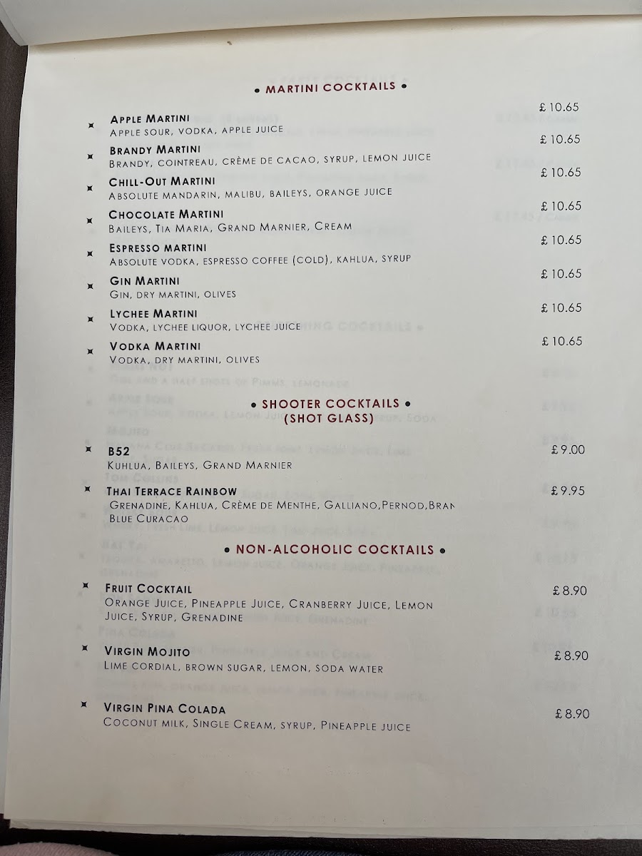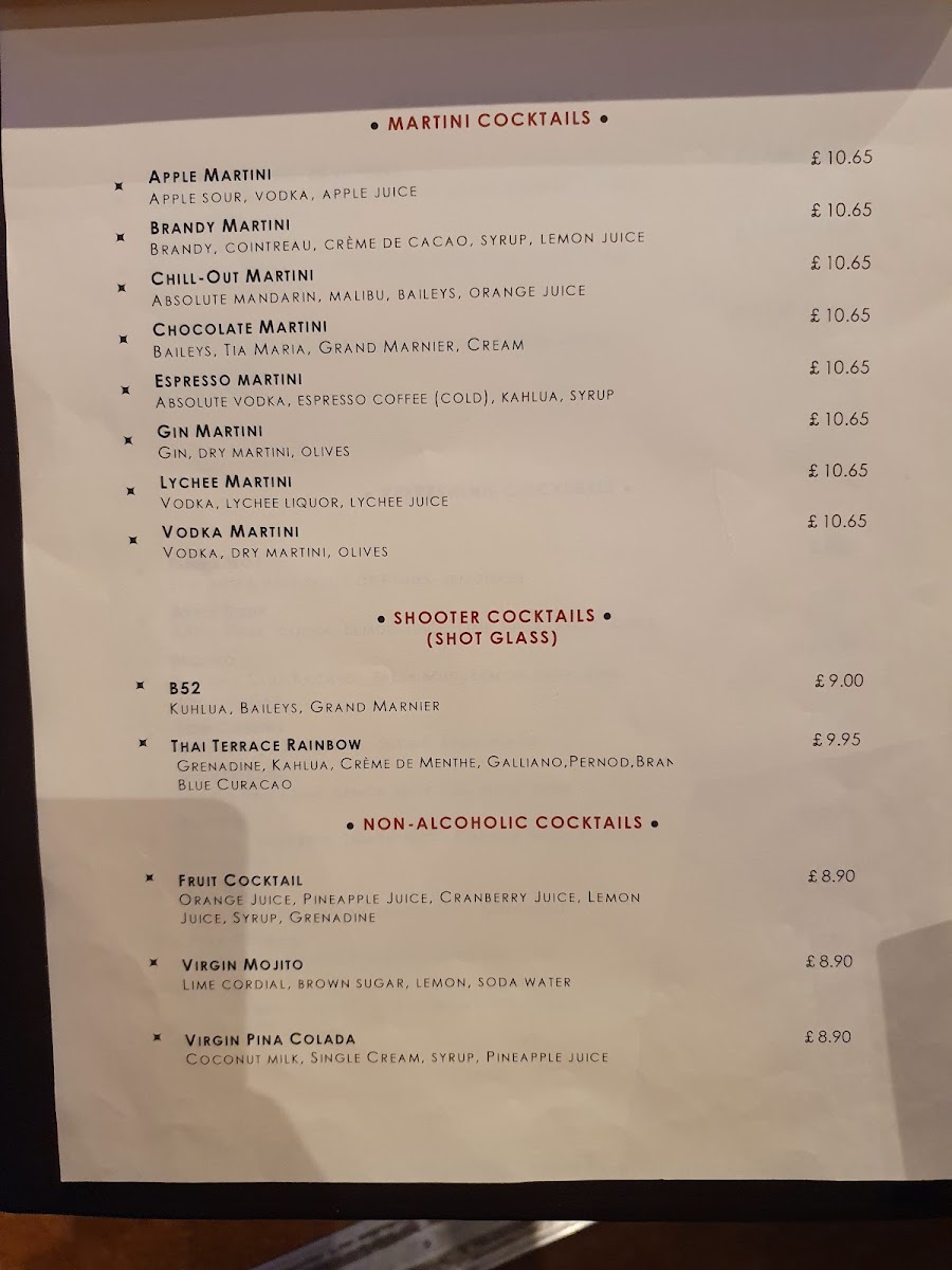 The menu boasts a variety of tantalizing options, from the Prawn Version Of The Pudd to vibrant Thai Bento Boxes, catering to both vegetarians and enthusiasts of mixed delights. Don't miss the chance to savor signature Martini Cocktails, each priced at just £10.65, offering a refreshing twist on traditional favorites.
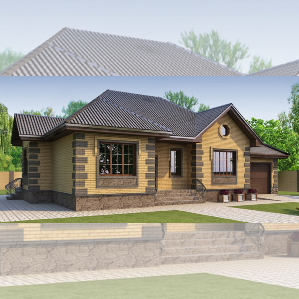 Одноэтажный дом с четырехскатной крышей и гаражом
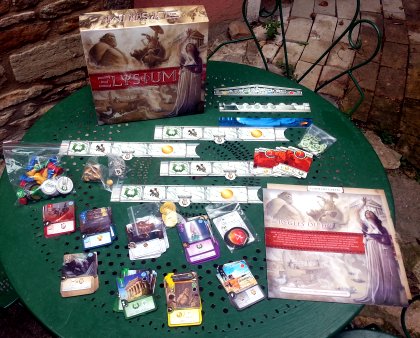 Elysium est un jeu de combinaison de cartes, réalisé par Matthew Dunstan et Brett J. Gilbert, et illustré par Cari, Didier Poli, John McCambridge, Emmanuel Roudier, Vincent Dutrait, Eric Bourgier, Sylvain Guinebaud, Bruno Tatti et Pascal Quidault. Les joueurs incarnent des demi-dieux ambitieux qui cherchent à entrer dans la légende en rassemblant des artefacts et accomplissant des quêtes héroïques. Le jeu est édité par Space Cowboys. Elysium est disponible en boutiques spécialisées et VPC depuis le 20 février 2015 pour environ 45 €. Il se joue 2 à 4 joueurs à partir de 14 ans et les parties durent en moyenne une heure (tout dépend du nombre de joueurs autour de la table et du temps de réflexion de chacun). Le but est d’avoir le plus de Points de Victoire (PV) à la fin de la partie et des cinq époques qui la composent. L'Avis de JohanElysium, comme Loony Quest, fait partie de mes gros coups de cœur ludiques de ce début d’année 2015, même s’ils ne jouent pas dans la même catégorie. Ici on plonge dans l’Antiquité et la mythologie grecque et on se retrouve dans la peau d’un demi-dieu qui veut entrer dans la légende. Les règles du jeu sont plutôt simples et assez faciles à expliquer, ce qui n’empêche pas le jeu d’avoir une belle profondeur, qui vous demandera de faire des choix. Ces derniers pourront s’avérer payants ou non, selon les stratégies de vos adversaires. Elysium fait partie de ces jeux que j’affectionne et dans lesquels il n’y a pas une seule stratégie à adopter pour gagner. Une stratégie payante lors d’une partie précédente pourra s'avérer complètement improductive lors de la partie suivante. Ce genre de jeux dispose donc d’une très belle rejouabilité en temps normal et ici c’est encore plus fort, puisqu’il y a au total 8 familles de cartes et qu’on n’en utilise que 5 à la fois. Il y a donc de nombreuses possibilités de mélange, rendant les parties différentes à chaque fois. De plus, le nombre de cartes présentes fait qu’il faudra plusieurs parties avant de voir toutes les cartes d’une même famille puis de parvenir à les optimiser. Bien évidemment, comme il s’agit d’un jeu à base de cartes, il y aura toujours une part de chance. Certaines cartes qui vous intéressent pourront ne jamais voir le jour en cours de partie. Sans compter que vos adversaires peuvent se faire un malin plaisir de vous souffler une carte afin de faire capoter votre belle légende. C’est d’ailleurs là que réside toute la complexité du jeu : parvenir à établir des stratégies, garder les colonnes nécessaires à l’obtention des cartes ou quêtes qui nous tentent, etc. tout en sachant que vos adversaires convoitent peut-être les mêmes. Vaut-il mieux privilégier la quête n°1 pour être sûr de jouer en premier par la suite ou s’emparer de la carte qu’il faut pour compléter une légende, au risque d’être dans les derniers à jouer ? Il vous faudra donc toujours vous adapter et faire preuve d’opportunisme en sautant sur les bonnes occasion lorsqu’elles se présentent à vous, quitte à changer complètement de cap au niveau de votre stratégie. Les pouvoirs des cartes sont variés et permettent de faire de jolis combinaisons. Le guide des cartes est d’ailleurs très plaisant, puisqu’en plus d’expliquer en détail le fonctionnement de ces dernières, il nous apprend également des éléments intéressants sur la mythologie, les personnages, etc. présents sur la carte. Se cultiver tout en jouant, c’est toujours un régal et un petit plus bien sympathique. Je tiens également à tirer un coup de chapeau aux Space Cowboys qui ont eu la bonne idée de faire appel à de nombreux illustrateurs très talentueux, dont certains issus du monde de la BD (en fan de BD que je suis, ça ne pouvait que me faire plaisir Cela peut semble anodin, mais c’est vraiment un très gros plus du jeu puisque ça permet de renforcer le fait que chaque famille à un style de jeu différent, ça peut également éventuellement permettre à certains joueurs d’essayer de jouer par affinité graphique (ou couleur de famille). Donc voilà chapeau bas à Cari, Didier Poli, John McCambridge, Emmanuel Roudier, Vincent Dutrait, Eric Bourgier, Sylvain Guinebaud (dont je suis super fan du travail que ce soit en BD ou ailleurs !), Bruno Tatti et Pascal Quidault, tous ces illustrateurs super talentueux qui ont su rendre à merveille l’ambiance de l’époque et nous permettent de nous immerger sans problème dans l’antiquité et la mythologie grecque. Le thermoformage de la boîte est une fois de plus très joli (après le magnifique thermoformage de Black Fleet en forme de crâne) puisqu’il représente un temple grec ! L’espace pour les cartes a également été prévu afin que vous puissiez protéger vos cartes. Néanmoins je le trouve moins pratique que leurs thermoformages précédents, il n’est pas vraiment intuitif et je ne sais donc pas si j’ai mis les éléments aux endroits où ils sont supposés être. Bien que l’emplacement des cartes soit prévu pour qu’elles soient protégées, il est ensuite assez difficile de les en sortir, sans enlever le thermoformage afin de les pousser par en-dessous (mais bon c’est peut-être moi qui ne les ai pas mises au bon endroit dans la boîte). Comme pour Deus, je regrette également qu’il n’y ait pas un petit calepin de score dans la boîte, afin de faciliter le comptage de points en fin de partie et pouvoir en garder une trace. Hormis ces petits points de détail, le jeu est vraiment nickel chrome avec du matériel d’excellente facture qui tient bien le coup. En bref, Elysium est un excellent jeu, facile à prendre en main mais néanmoins très riche au niveau des possibilités de victoire, des combinaisons de cartes et des stratégies à adopter en cours de partie. Les illustrations avec des pattes graphiques différentes sont de toute beauté, permettan

→ GOAL OF THE EXERCISE:
Output only the lines running from the top of the data above to the line with "Одноэтажный дом с", inclusive, word for word and without pictures.

→ RESPONSE:
 The menu boasts a variety of tantalizing options, from the Prawn Version Of The Pudd to vibrant Thai Bento Boxes, catering to both vegetarians and enthusiasts of mixed delights. Don't miss the chance to savor signature Martini Cocktails, each priced at just £10.65, offering a refreshing twist on traditional favorites.
 Одноэтажный дом с четырехскатной крышей и гаражом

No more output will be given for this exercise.